* _WHAT TO WORK ON_: Each entry below is to be returned exactly, with any pictures left out.

[Saved data entries]
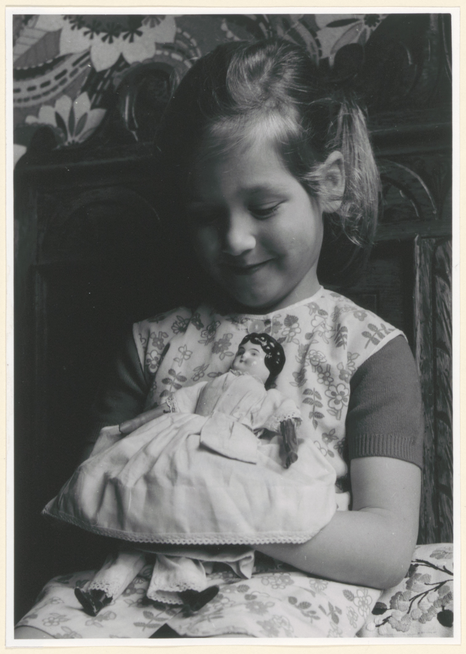 Een meisje met een pop die haar is gegeven door het evangelisatie- of zondagschooltje …
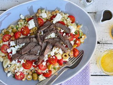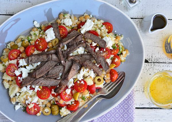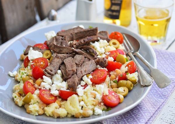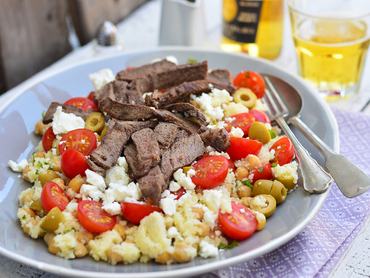 Elég gyakran marad ki egy-egy szelet finom grillhús hétvégén, amit már sehogy nem tudunk legyűrni. Pár perc alatt készíthet belőle egy finom és tartalmas salátát kuszkusszal, csicseriborsóval, paradicsommal, fetával és olajbogyóval.
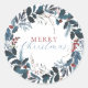 Adesivo Redondo Aquarela de Natal Azul Verde Folhas de Azevinho
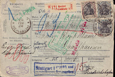 Auslandspaketkarte mit Wertangabe (3 500 Mark) (225 g) vom 24.02.1920 (4. Periode) frankiert mit 27 Marken (=20 Mark) |
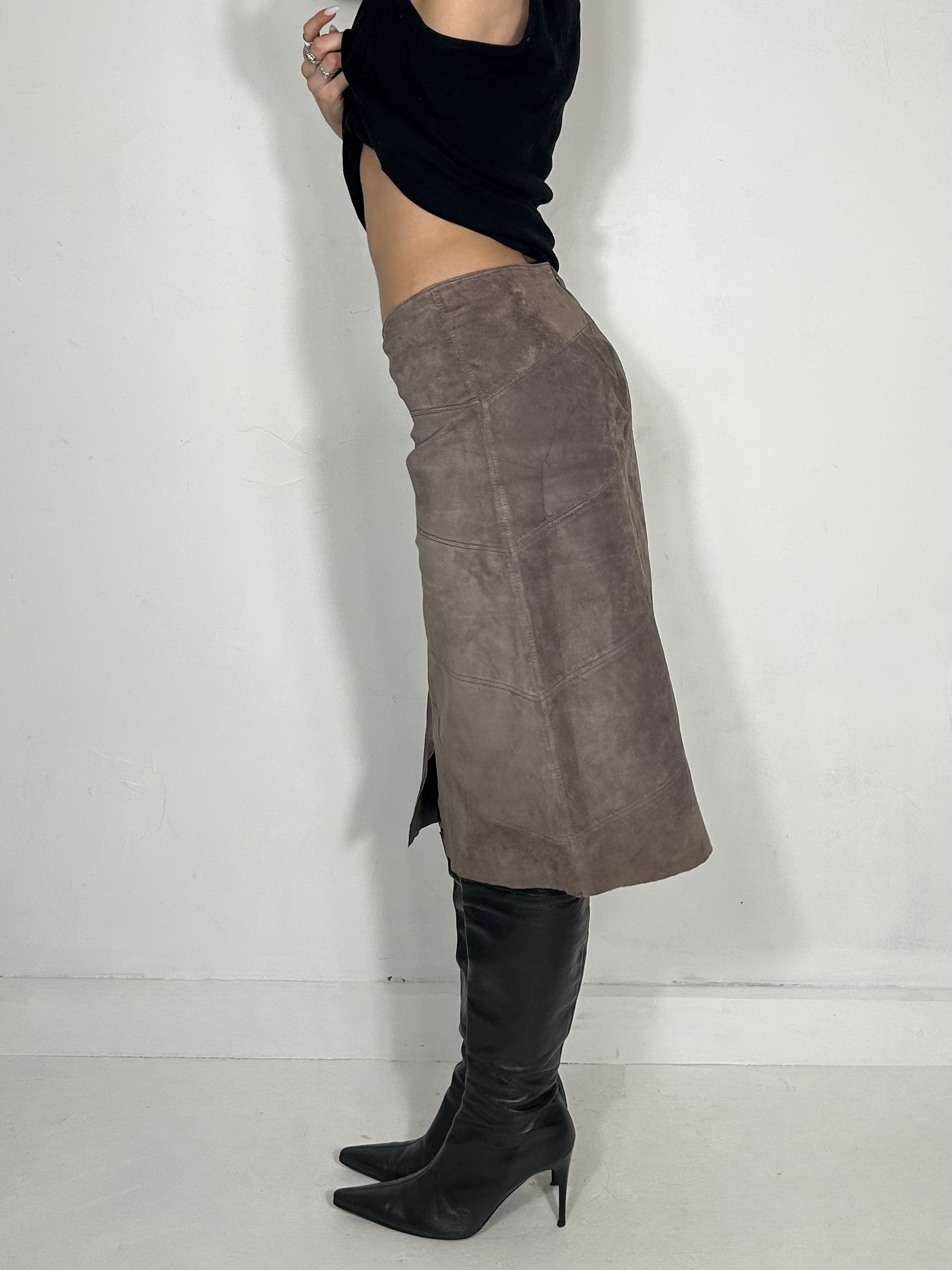 Earthy suede low rise pencil skirt with slit detailing. Waist 30
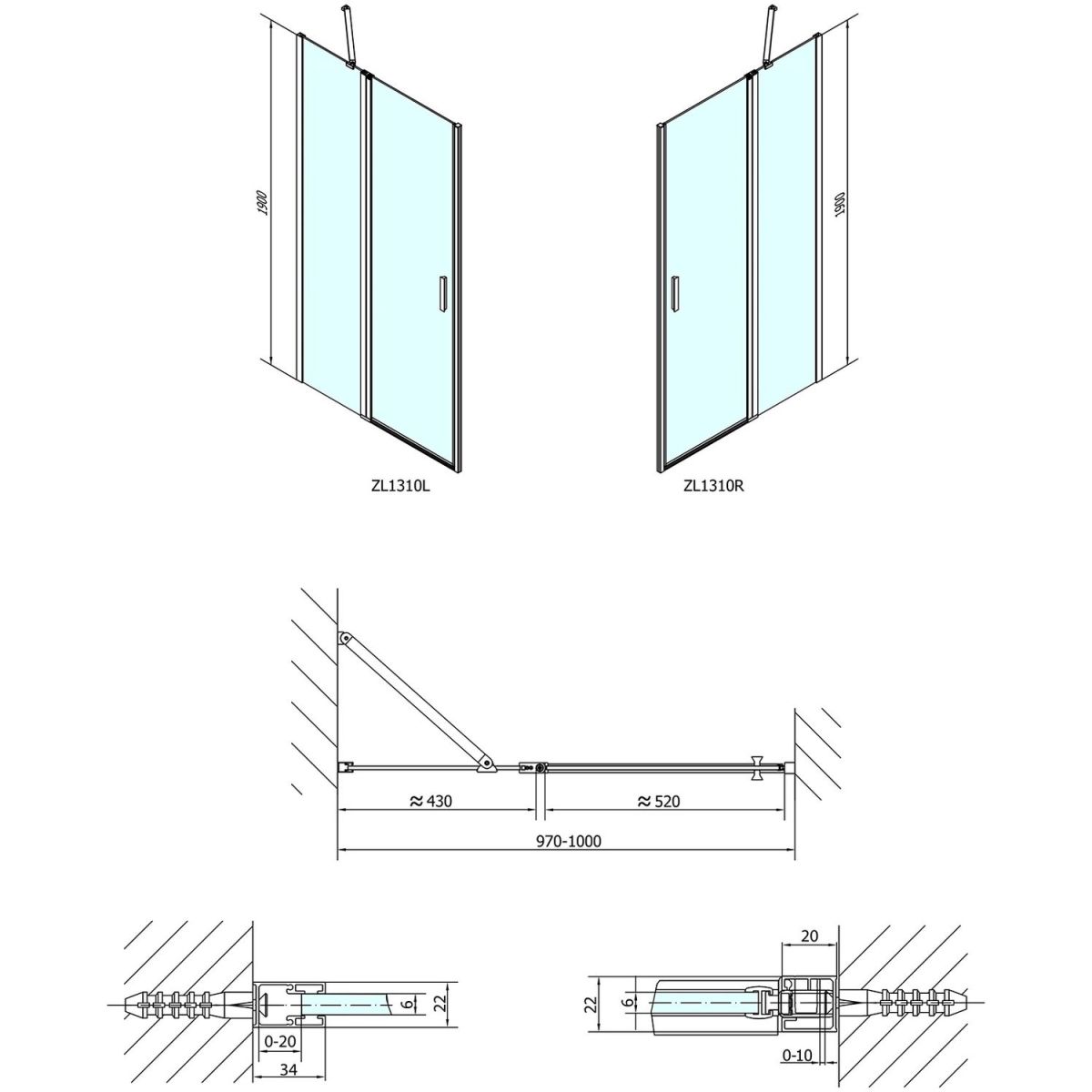 Polysan Zoom Line Duschtüren 100 cm aufklappbar chrom Glanz/durchsichtiges Glas ZL1310
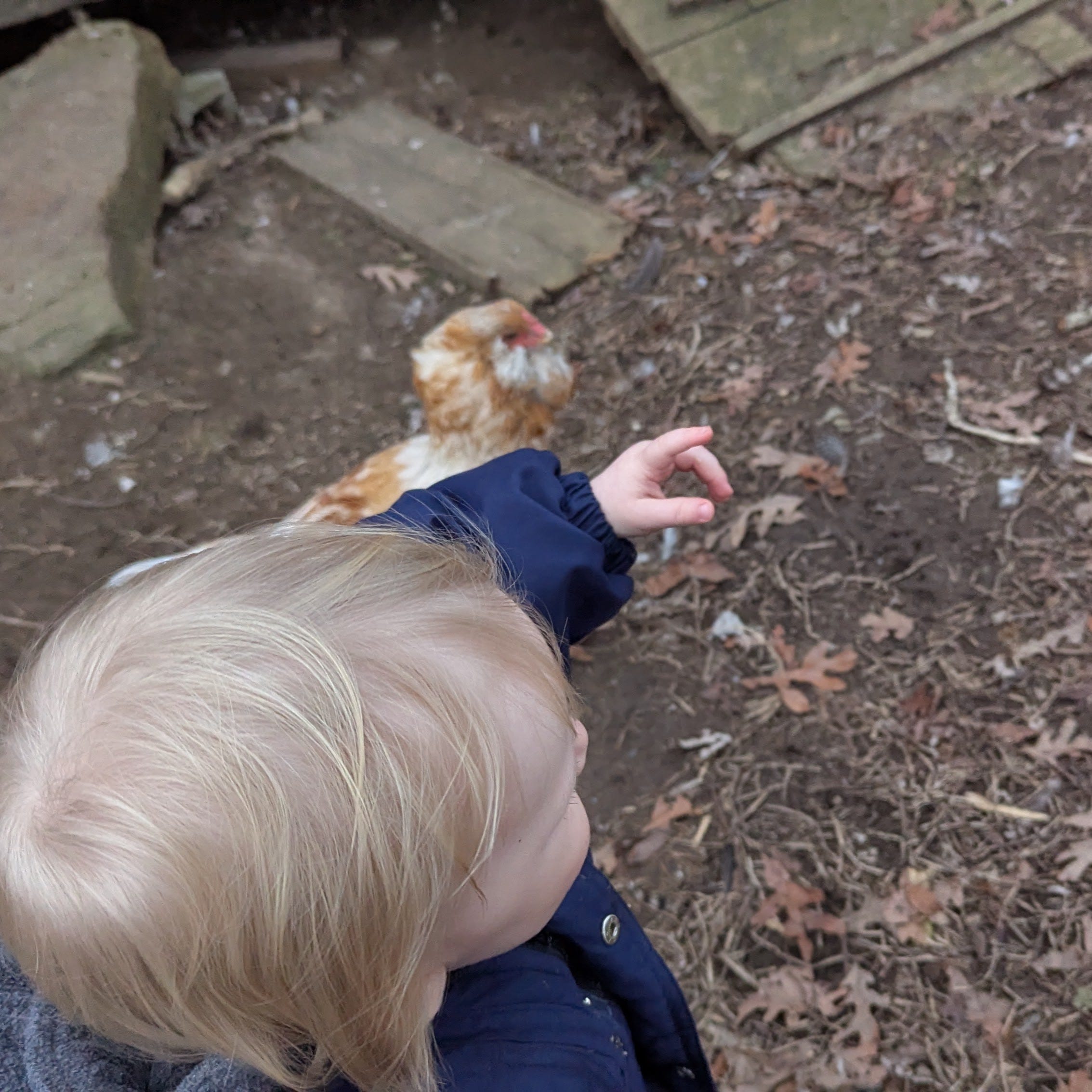 Farm baby now has a handful of words, including Mama, Dada, Papa, and…baba, which very specifically means chickens (and ducks). I guess it shouldn’t surprise me that he’d love chickens at an early age (that whole nature vs. nurture thing), but boy does he enjoy visiting his babas.

* _OUTPUT FOR THIS TASK_:
 Een meisje met een pop die haar is gegeven door het evangelisatie- of zondagschooltje …
 Elég gyakran marad ki egy-egy szelet finom grillhús hétvégén, amit már sehogy nem tudunk legyűrni. Pár perc alatt készíthet belőle egy finom és tartalmas salátát kuszkusszal, csicseriborsóval, paradicsommal, fetával és olajbogyóval.
 Adesivo Redondo Aquarela de Natal Azul Verde Folhas de Azevinho
 Auslandspaketkarte mit Wertangabe (3 500 Mark) (225 g) vom 24.02.1920 (4. Periode) frankiert mit 27 Marken (=20 Mark) |
 Earthy suede low rise pencil skirt with slit detailing. Waist 30
 Polysan Zoom Line Duschtüren 100 cm aufklappbar chrom Glanz/durchsichtiges Glas ZL1310
 Farm baby now has a handful of words, including Mama, Dada, Papa, and…baba, which very specifically means chickens (and ducks). I guess it shouldn’t surprise me that he’d love chickens at an early age (that whole nature vs. nurture thing), but boy does he enjoy visiting his babas.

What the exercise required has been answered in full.